→ Instructions to follow: Copy nothing but the lines from the one containing "경기도 일자리지원사업 통합접수시스템" through the last line of the records, repeated exactly and without pictures.

→ Exercise materials:
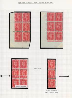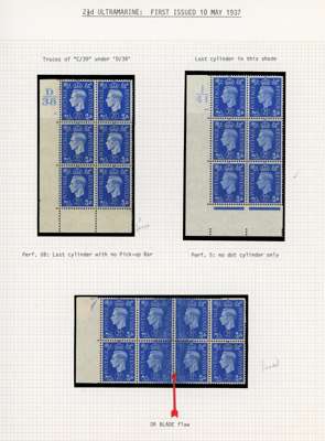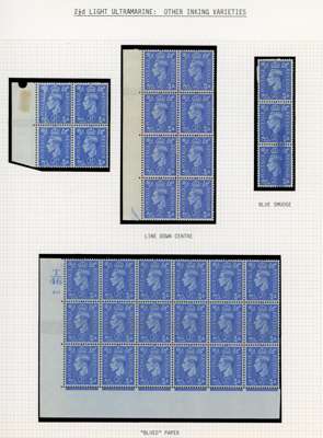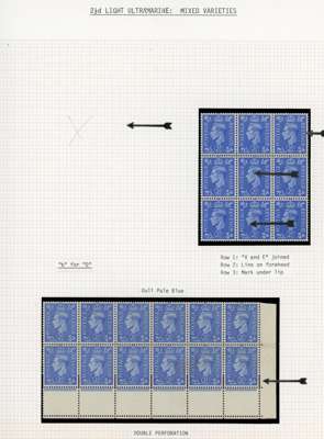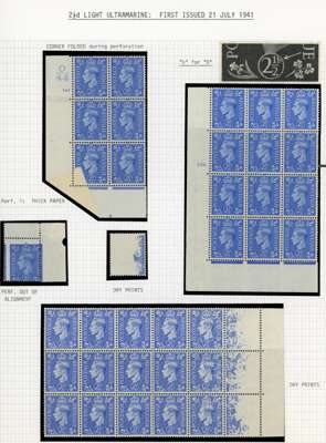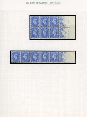 1937-52 2½d mint collection on leaves. includes 2½d ultramarine Cyl. 65 no dot (stamps unmounted); block of eight, four affected by smeary doctor blade flaw, good appearance but foxed. Pale ultramarine with block with corner fold-over giving extra perfs; ‘b’ for ‘d’ block unmounted; badly misperforated single; dry print single (mostly blank) and block of eighteen, fine appearance but a little toned on reverse, mostly affecting the right six stamps (adhesion on the reverse of some of the others); further dry print strip of six and block of eight; Cylinder blocks including perf Type 6 Q45/184 dot unmounted; double perf block of twelve; other inking flaws including tinted paper Cyl. 202 block of eighteen. Pale scarlet with block of six on double thickness paper, and vertical strip of three on triple thickness paper (stated only five strips known). SG 466, 489, 507
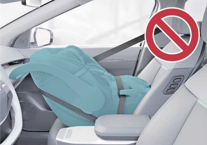 특히 에어백이 장착된 차량에서 동승석 탑승 시 아이를 안고 탑승하면 더욱 위험합니다.
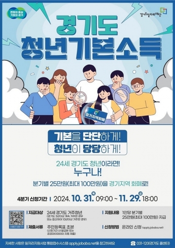 경기도 일자리지원사업 통합접수시스템 잡아바(apply.jobaba.net)에 10월 31일 이후 발급한 주민등록초본을 첨부해 신청하면 심사를 거쳐 12월 20일부터 카드형 지역화폐로 지급되며, 분기별 25만 원씩 1인당 연 100만 원이 지원된다. 지난 분기에 신청하지 못한 대상자는 이번 4분기 신청 기간 내에 소급 신청이 가능하다.
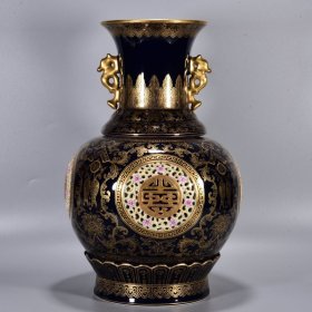 清乾隆年鎏金群仙般若菠萝蜜心经象耳瓶27×19
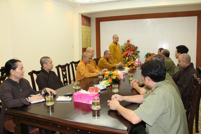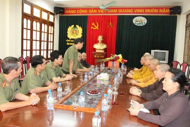 Đoàn GHPGVN do HT Thích Thanh Nhiễu – Phó chủ tịch TT HĐTS GHPGVN; HT.Thích Gia Quang – Phó chủ tịch HĐTS GHPGVN – Trưởng ban Thông tin Truyền thông TW GHPGVN và chư tôn đức đại diện văn phòng I TW GHPGVN. Tiếp đoàn có Thiếu tướng Tiến sĩ Bùi Mậu Quân – Phó tổng cục trưởng Tổng cục An ninh 2
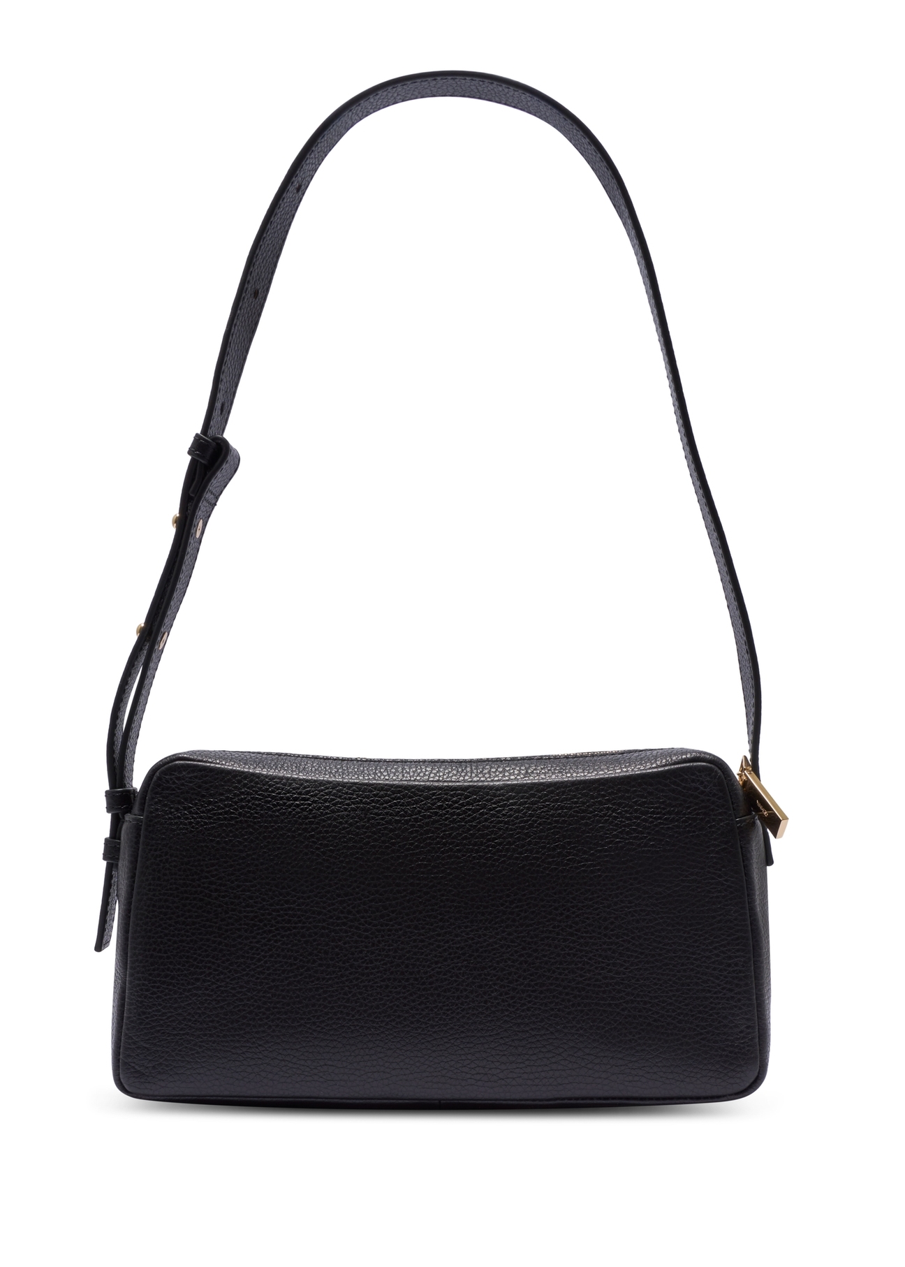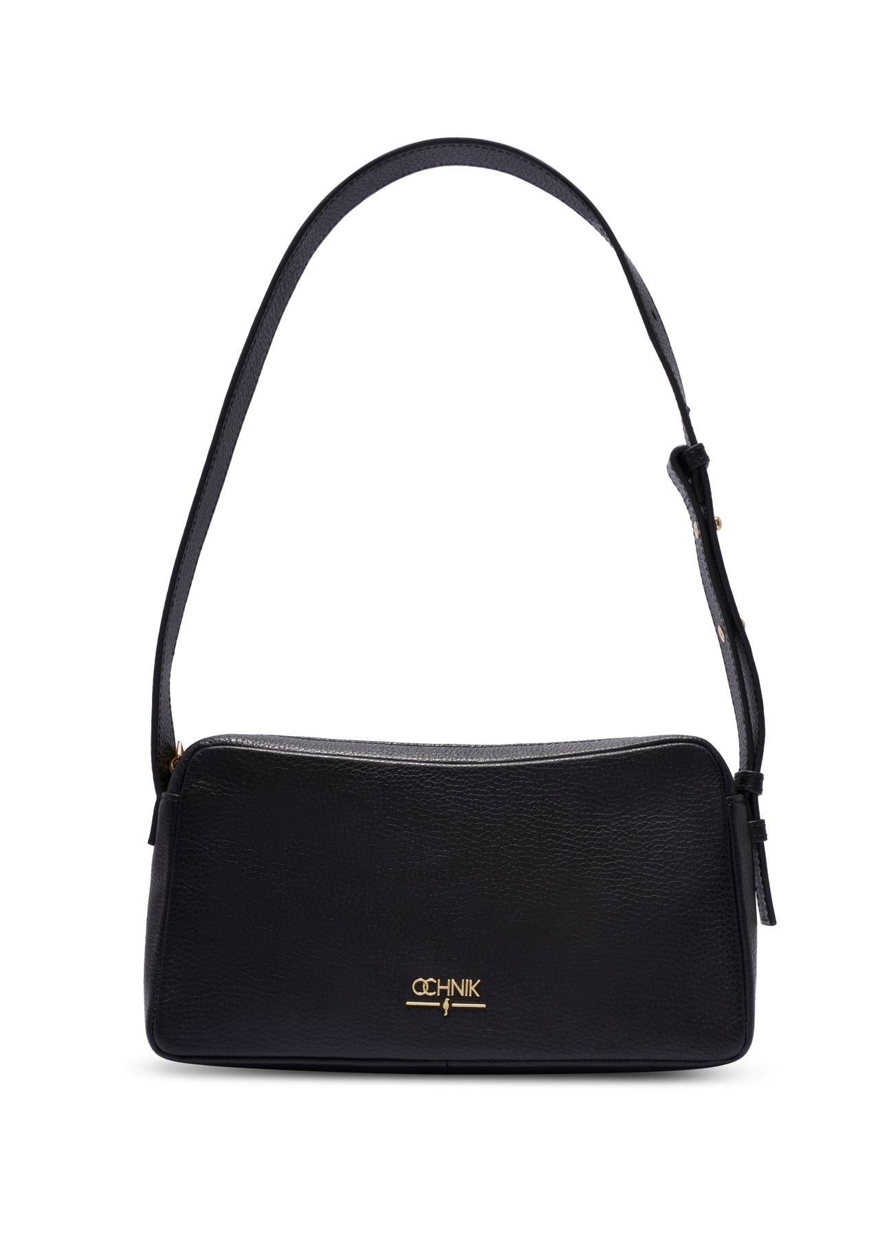 Złote elementy metalowe subtelnie kontrastują z czernią skóry, a logotyp na froncie stanowi elegancki detal podkreślający markowy charakter modelu.

→ Answer section:
 경기도 일자리지원사업 통합접수시스템 잡아바(apply.jobaba.net)에 10월 31일 이후 발급한 주민등록초본을 첨부해 신청하면 심사를 거쳐 12월 20일부터 카드형 지역화폐로 지급되며, 분기별 25만 원씩 1인당 연 100만 원이 지원된다. 지난 분기에 신청하지 못한 대상자는 이번 4분기 신청 기간 내에 소급 신청이 가능하다.
 清乾隆年鎏金群仙般若菠萝蜜心经象耳瓶27×19
 Đoàn GHPGVN do HT Thích Thanh Nhiễu – Phó chủ tịch TT HĐTS GHPGVN; HT.Thích Gia Quang – Phó chủ tịch HĐTS GHPGVN – Trưởng ban Thông tin Truyền thông TW GHPGVN và chư tôn đức đại diện văn phòng I TW GHPGVN. Tiếp đoàn có Thiếu tướng Tiến sĩ Bùi Mậu Quân – Phó tổng cục trưởng Tổng cục An ninh 2
 Złote elementy metalowe subtelnie kontrastują z czernią skóry, a logotyp na froncie stanowi elegancki detal podkreślający markowy charakter modelu.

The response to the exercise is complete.